Extracorporeal membrane oxygenation (ECMO) supplies circulatory support and gas exchange to critically ill patients. Despite the use of systemic anticoagulation, blood exposure to ECMO surfaces causes thromboembolism complications. Inhibition of biomaterial surface-mediated activation of coagulation factor XI (FXI) may prevent device-associated thrombosis. Blood was collected from healthy volunteers (n = 13) following the U.S. Army Institute of Surgical Research standard operating procedure for testing in an ex vivo ECMO circuit. A roller-pump circuit circulated either 0.5 U/ml of unfractionated heparin alone or in combination with the anti-FXI immunoglobulin G (IgG) (AB023) for 6 hours or until clot formation caused device failure.

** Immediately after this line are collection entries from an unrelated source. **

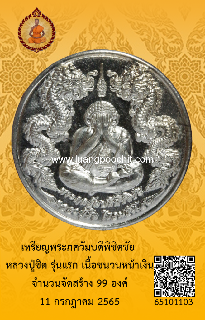 ชื่อพระ : เหรียญพระภควัมบดีพิชิตชัย หลวงปู่ชิต รุ่นแรก เนื้อชนวนหน้าเงิน วัดบ้านคำระหงษ์ จ.อุบลราชธานี
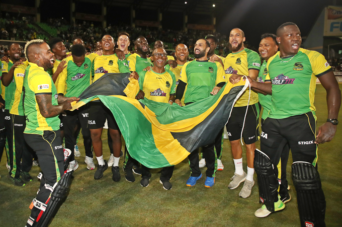 Jamaica Tallawahs celebrate winning the 2022 CPLT20 championship.
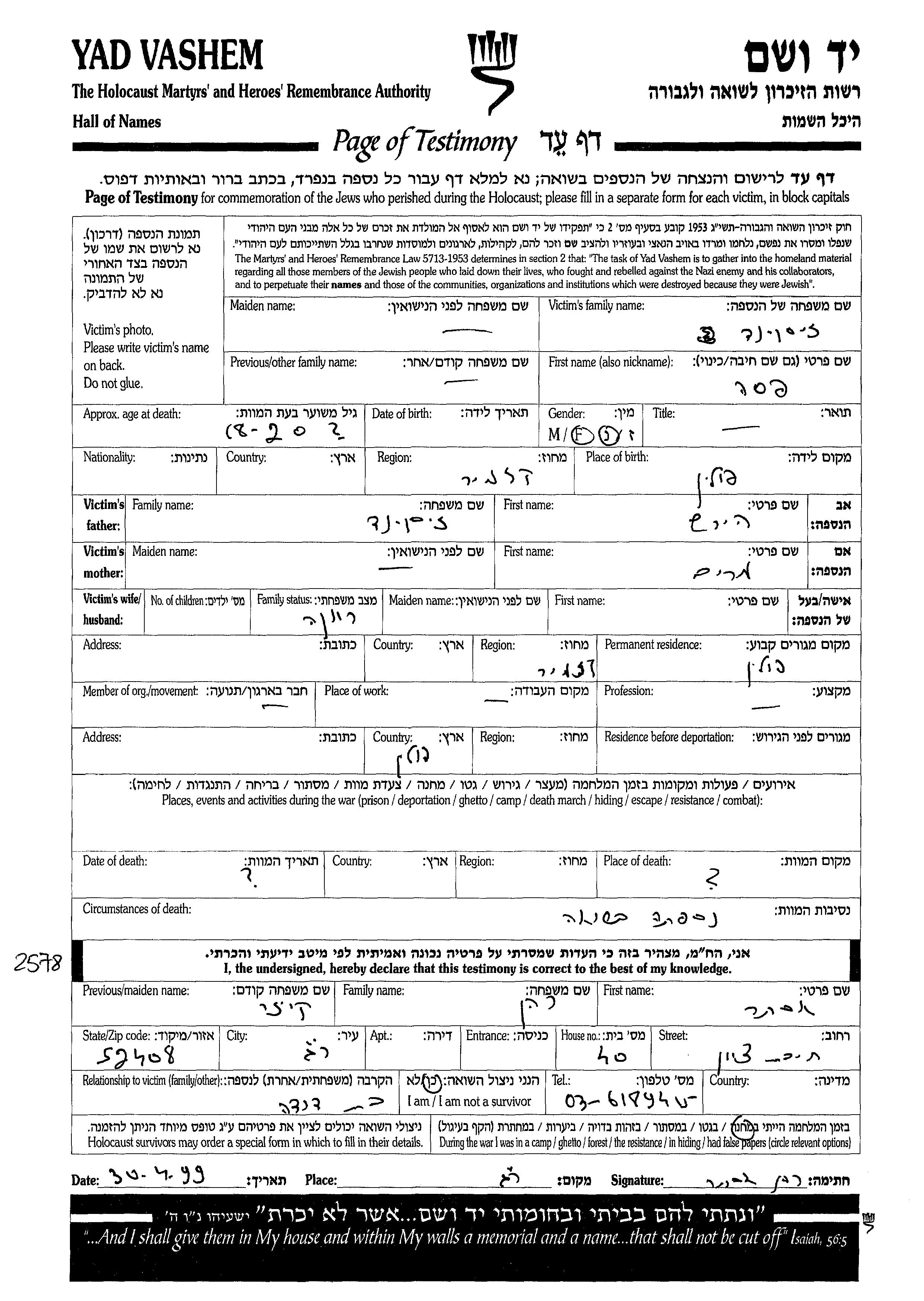 Pesa Ziskind was born in Kazimierz Dolny, Poland to Hirsh and Miriam. She was single. Prior to WWII she lived in Kazimierz Dolny, Poland. During the war she was in Poland. Pesa was murdered in the Shoah.
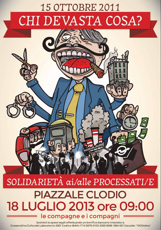 Contrassegnato 15 ottobre 2011, arrestati per 15 ottobre, devastazione e saccheggio, manifestazione, piazzale Clodio, solidarietà, tribunale roma
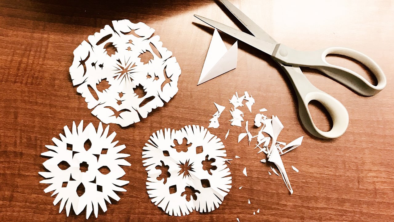 Give kids square pieces of white or colored paper and show them how to fold and snip snowflakes. Keep scissors small and blunt for younger kids.
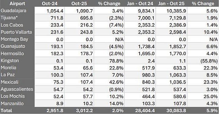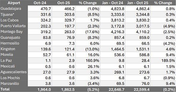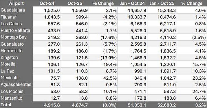 During this period, the total number of terminal passengers at GAP’s 12 Mexican airports increased by 0.7%, compared to October 2024. Guadalajara and Puerto Vallarta airports presented an increase in passenger traffic of 2.1% and 1.7%, respectively, while Tijuana, and Los Cabos airports decreased 4.2%, and 2.1%, respectively.
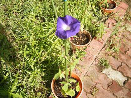 7月に種まきをしたアサガオが花を咲かせました。
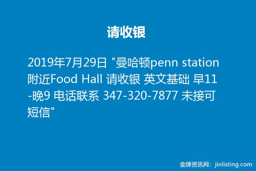 “曼哈顿penn station附近Food Hall 请收银 英文基础 早11-晚9 电话联系 347-320-7877 未接可短信”
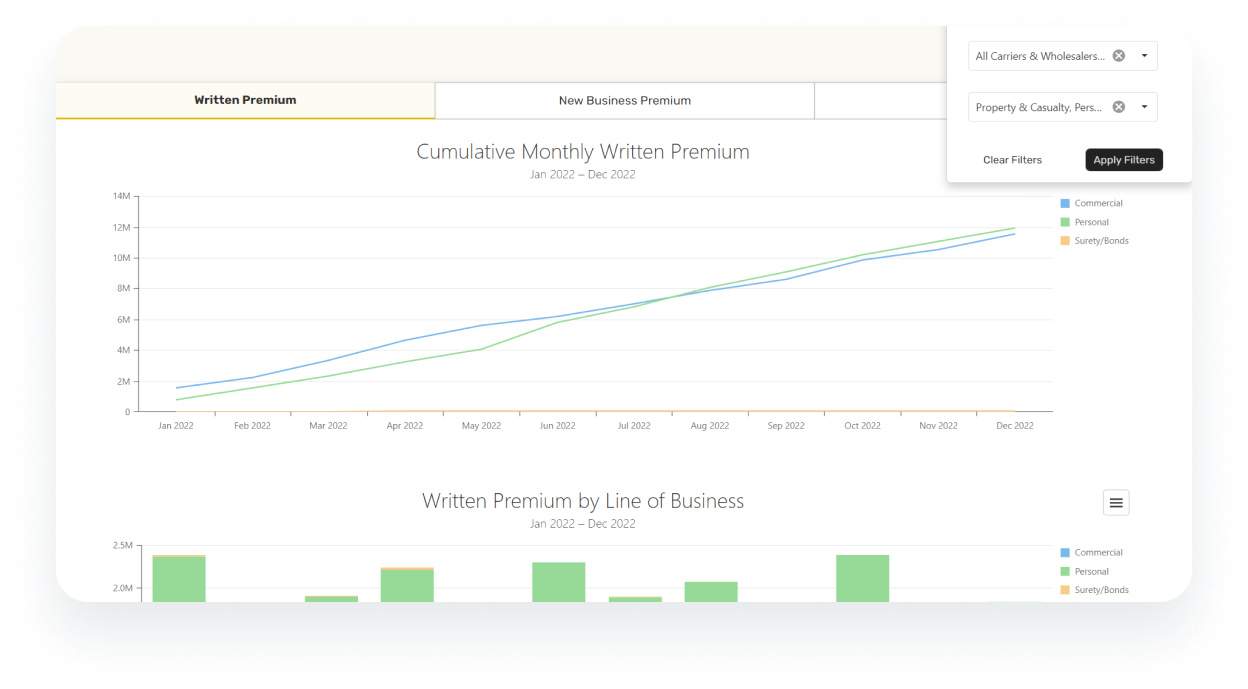 Easily visualize your Written Premium, New Business Premium and Loss Ratio
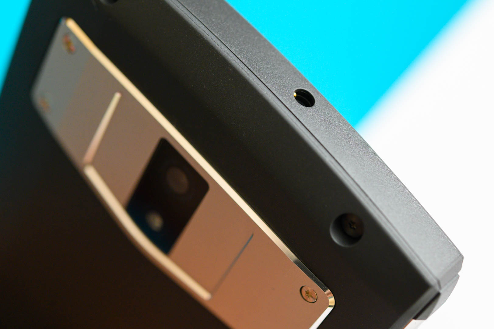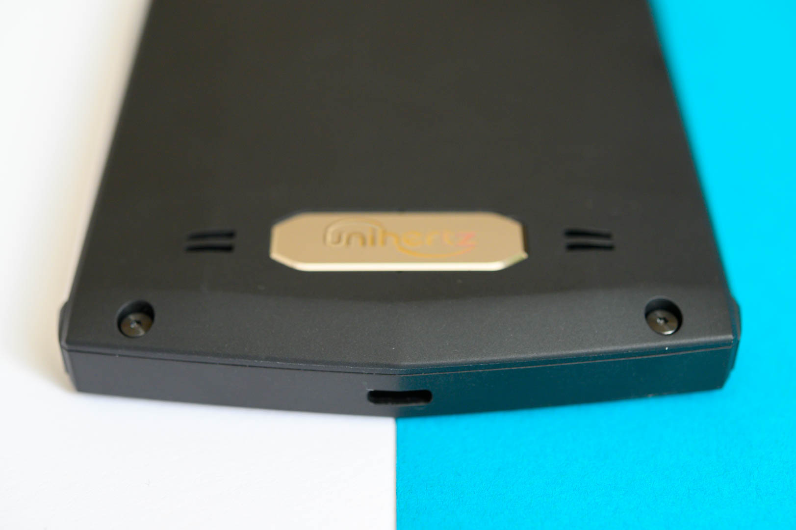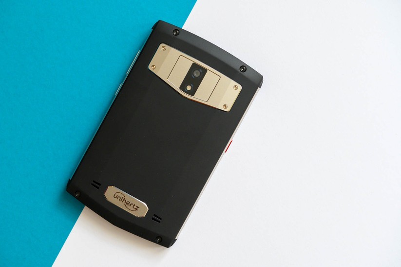 Unihertz verbindet bei dem nach IP67-Zertifizierung wasser- und staubgeschützten Gehäuse des Titan Kunststoff- mit Metallbauteilen. Die Längsseiten und die darin eingesetzten Druckknöpfe sowie die Kameraeinfassung hinten bestehen aus Aluminium, der Rest aus Kunststoff mit Softtouch-Oberfläche. Die Rückseite ist dennoch nicht so griffig wie bei Blackberry und durch den leichten Überstand am Rahmen noch dazu unangenehm scharfkantig. Am Kopfende befindet sich ein 3,5-mm-Klinkenanschluss, am Fußende ein USB-C-Port. Durch seine bullige Erscheinung macht das Titan zwar einen robusten, aber keinen sonderlich hochwertigen Eindruck.

Coagulation factor activity, platelet counts, time to thrombin generation, peak thrombin, and endogenous thrombin potential were quantified. AB023 in addition to heparin sustained circuit patency in all tested circuits (5/5) after 6 hours, while 60% of circuits treated with heparin alone occluded (3/8), log-rank p < 0.03. AB023 significantly prolonged the time to clot formation as compared to heparin alone (15.5 vs . 3.3 minutes; p < 0.01) at the 3-hour time point. AB023 plus heparin significantly reduced peak thrombin compared to heparin alone (123 vs . 217 nM; p < 0.01). Inhibition of contact pathway activation of FXI may be an effective adjunct to anticoagulation in extracorporeal life support.

摘要

体外膜肺氧合(ECMO)为危重症患者提供循环支持和气体交换。尽管使用了全身抗凝,但血液与 ECMO 表面接触会导致血栓栓塞并发症。抑制生物材料表面介导的凝血因子 XI(FXI)激活可能预防与器械相关的血栓形成。根据美国陆军外科研究所的标准操作程序,从健康志愿者(n=13)中采集血液,在体外 ECMO 回路中进行测试。滚压泵回路在 6 小时内单独或与抗 FXI 免疫球蛋白 G(AB023)(0.5 U/ml)一起循环,直至凝血导致设备故障。定量检测凝血因子活性、血小板计数、凝血酶生成时间、峰值凝血酶和内源性凝血酶潜能。肝素加 AB023 在所有测试的回路中(5/5)在 6 小时后维持回路通畅,而单独用肝素治疗的回路中有 60%(3/8)闭塞,对数秩检验 p<0.03。与单独使用肝素相比,AB023 显著延长了凝血时间(15.5 分钟比 3.3 分钟;p<0.01),在 3 小时时间点。肝素加 AB023 与单独使用肝素相比,显著降低了峰值凝血酶(123 纳米比 217 纳米;p<0.01)。FXI 接触途径激活的抑制可能是体外生命支持中抗凝的有效辅助手段。